English Heritage’s website Climate Change & your home is designed to help you understand more about the potential impacts of climate change and ways to save energy if you own or manage an older home.
Climate change in our world is a collaboration between Google, UK government, the Met Office Hadley Centre and the British Antarctic Survey. It shows ‘how climate change could affect the planet and its people over the next century, along with viewing the loss of Antarctic ice shelves over the last 50 years’.
CABE published the 3rd edition of Green day: a climate change activity kit for schools (2010, PDF 285KB) advising on ways for schools to discuss climate change, sustainability and the built environment.
Window Watch - Help Combat Climate Change
Window Watch is the CBA’s ongoing project to raise awareness of the importance of historic windows around Britain and of how proper care of them can help to reduce our carbon footprint.

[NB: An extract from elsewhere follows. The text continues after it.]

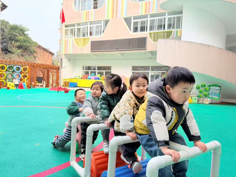 阳光里,孩子们的笑声清脆响亮,既锻炼了平衡与协调能力,也在互动中学会了分享与互助,尽情享受着运动的快乐。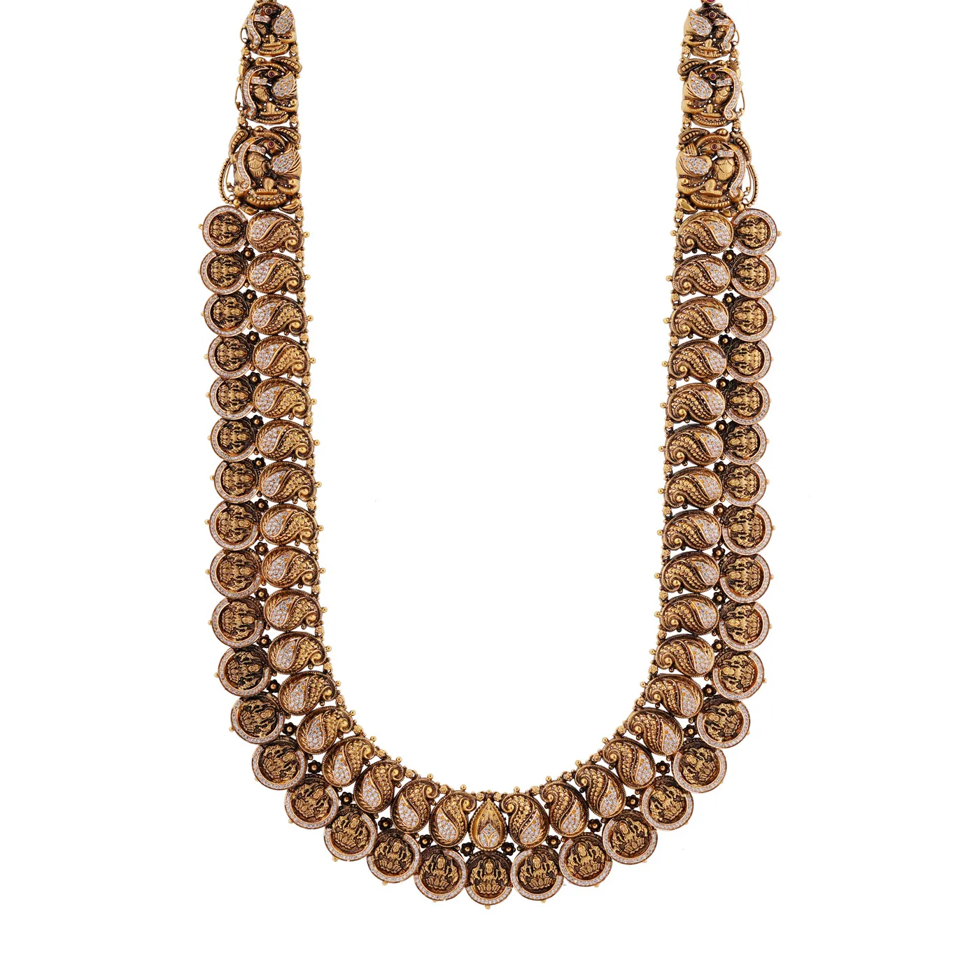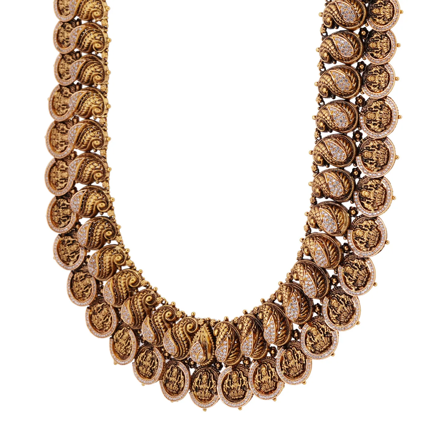 The intriguing interplay of gold and pristine white in jewelry is undeniably a game-changing combination. The mango motifs and Lakshmi coin designs, with their intricate detailing and crisp gleam, captivate attention with an understated yet resolute allure. This is the ultimate choice, especially when considering your attire for sophisticated receptions, where you wish to make an elegant and bold statement.

It was launched as part of Climate Week 2011 and now has a dedicated page that makes the case for the preservation of historic windows and offers ideas for making them energy efficient.
Window Watch was created by Sophie Smith (University of York Heritage Management MA course) as part of her work placement with the CBA
The CBA has had an active environmental policy (PDF | 77 KB) since 2005. We continue to make changes to the way we work and our office accommodation to improve our energy efficiency and minimise our impact on the environment. We encourage all our members to do the same.